With the defensive side of the ball losing a few big playmakers, if the Spartans have a weak spot it will be its traditionally complex, blitz-reliant defense.
Head coach Urban Meyer is 24-2 during his two-year tenure with the Buckeyes. It’s hard to bet against numbers like that.
However, with star quarterback Braxton Miller out for the season and a defense which fell apart late last year, there is now a light at the end of the tunnel for other teams in the East.
Ohio State will have to rely on an influx of young talent this season, with an incoming freshman class ranked by Rivals as second-best in the country, behind Nick Saban and permanent recruiting champion Alabama.
Replacing Miller and one of the most efficient running backs in the country, Carlos Hyde, are tall orders, but if anyone can figure it out, Meyer can.
Even with an unproven new quarterback in redshirt freshman J.T. Barrett, a youthful backfield and a struggling defense, it’s hard to count the Buckeyes out. Thanks to their recruiting, their talent level remains one of the best in the conference.
One of the biggest disappointments in college football in 2013, Michigan went 8-5 while losing four of its last six games.

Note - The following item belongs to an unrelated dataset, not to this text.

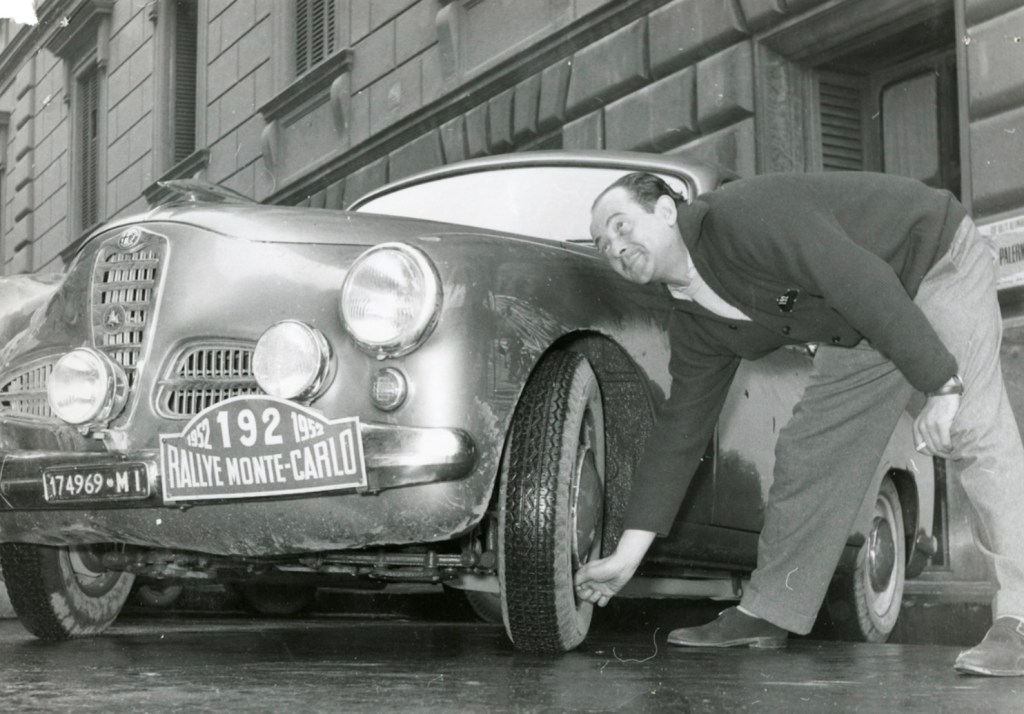 Prince Raimondo Lanza di Trabia inspects his left-front Pirelli, Alfa Romeo 1900 TI during pre-event scrutineering in Milan before the start of the 1952 Monte Carlo Rally.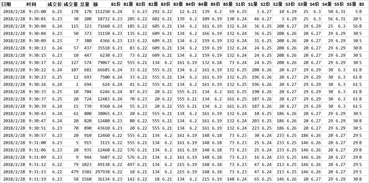 (一)五档分笔/分时成交数据:

This was in large part due to an offensive line whose play ruined a promising run game and made life exponentially harder for quarterback Devin Gardner.
If anyone can make the turnaround from 2013 mediocrity to 2014 contention it is Michigan, under the direction of first-year offensive coordinator Doug Nussmeier, formerly of Alabama.

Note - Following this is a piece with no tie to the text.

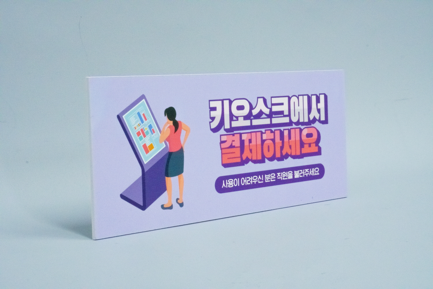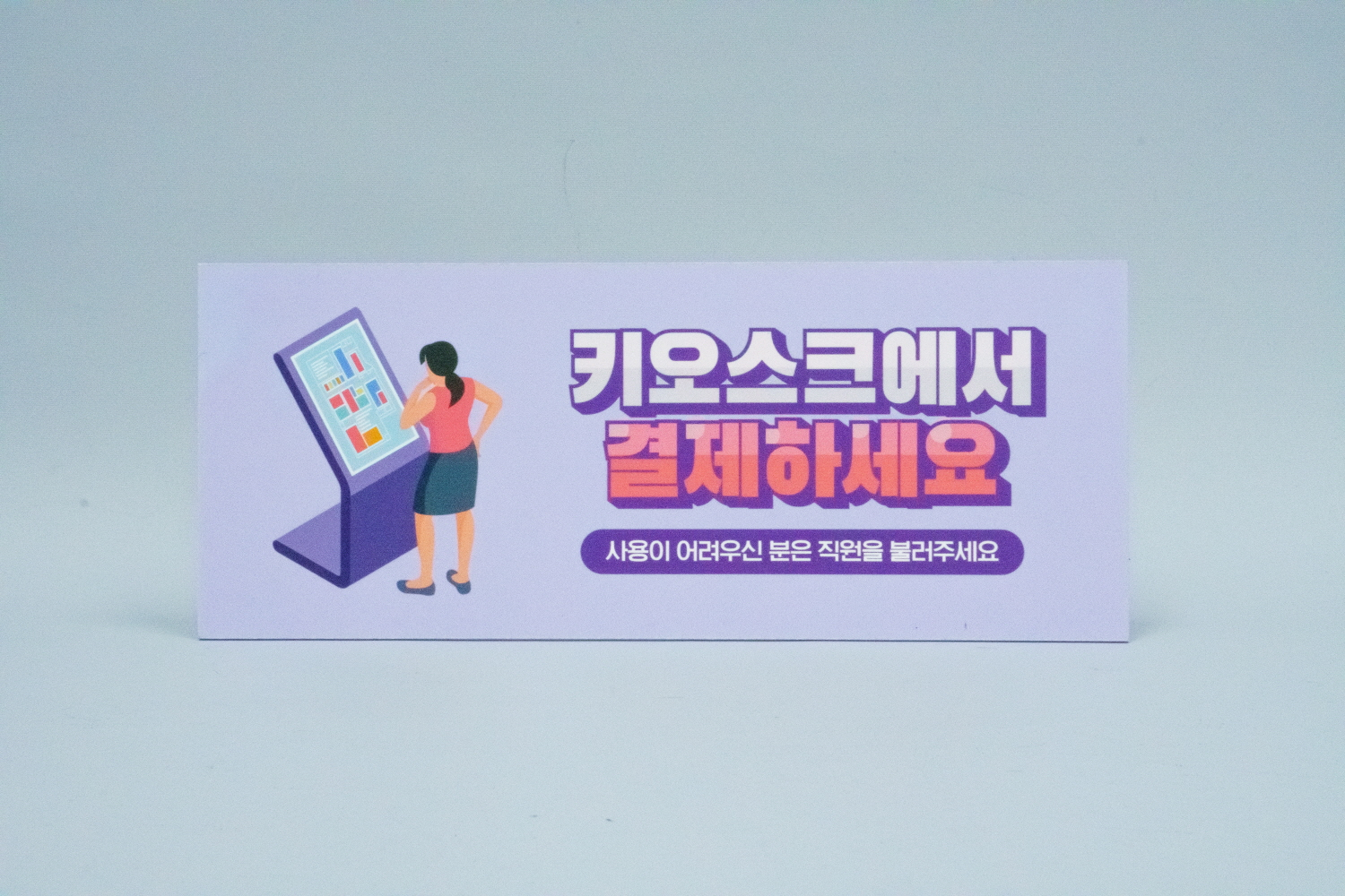 키오스크 결제 상품은 안내판 타입과 스티커 타입으로 제작되며

Gardner will have his work cut out for him, however, with poor protection and no help from a returning running backs corps that lacks a 1,000-yard rusher.
The defense also fell apart down the stretch last season, though almost the entire squad returns in 2014. Improvement is to be expected, but judging from last season’s results a miracle may be too much to expect.
If you are a Hoosier football fan, it’s go big or go home.
Indiana is perennially one of the most inconsistent yet wildly entertaining teams in the conference due to its constant big play potential.
While the chances Indiana makes the short trek to the Big Ten championship are slim at best, the realistic expectation of an elite offense and a terrible defense make for a team which has the ability to defy predictions.
With a quarterback duo that threw for over 3,600 yards last season and one of the deepest running back corps in the conference, it’s hard to believe that Indiana will have trouble scoring this fall.
It is the defense, which at its worst allowed 623 yards to Missouri last season, that will drag the Hoosiers down this year.
While Penn State remains bowl ineligible this season, and thus is ineligible from playing in the conference title game, the penalties stemming from the Sandusky trial have gradually begun to lessen. Along with the hiring of charismatic new head coach James Franklin, the worst seems to be over for the Nittany Lions.
Highlighting a solid squad of returning Big Ten signal callers, Christian Hackenberg and his 2,955 passing yards look to create repeat success in Happy Valley. A depleted receiving corps is simply a speed bump for the sophomore, and a returning duo of running backs in Zach Zwinak and Bill Belton will surely take the pressure off the young phenom.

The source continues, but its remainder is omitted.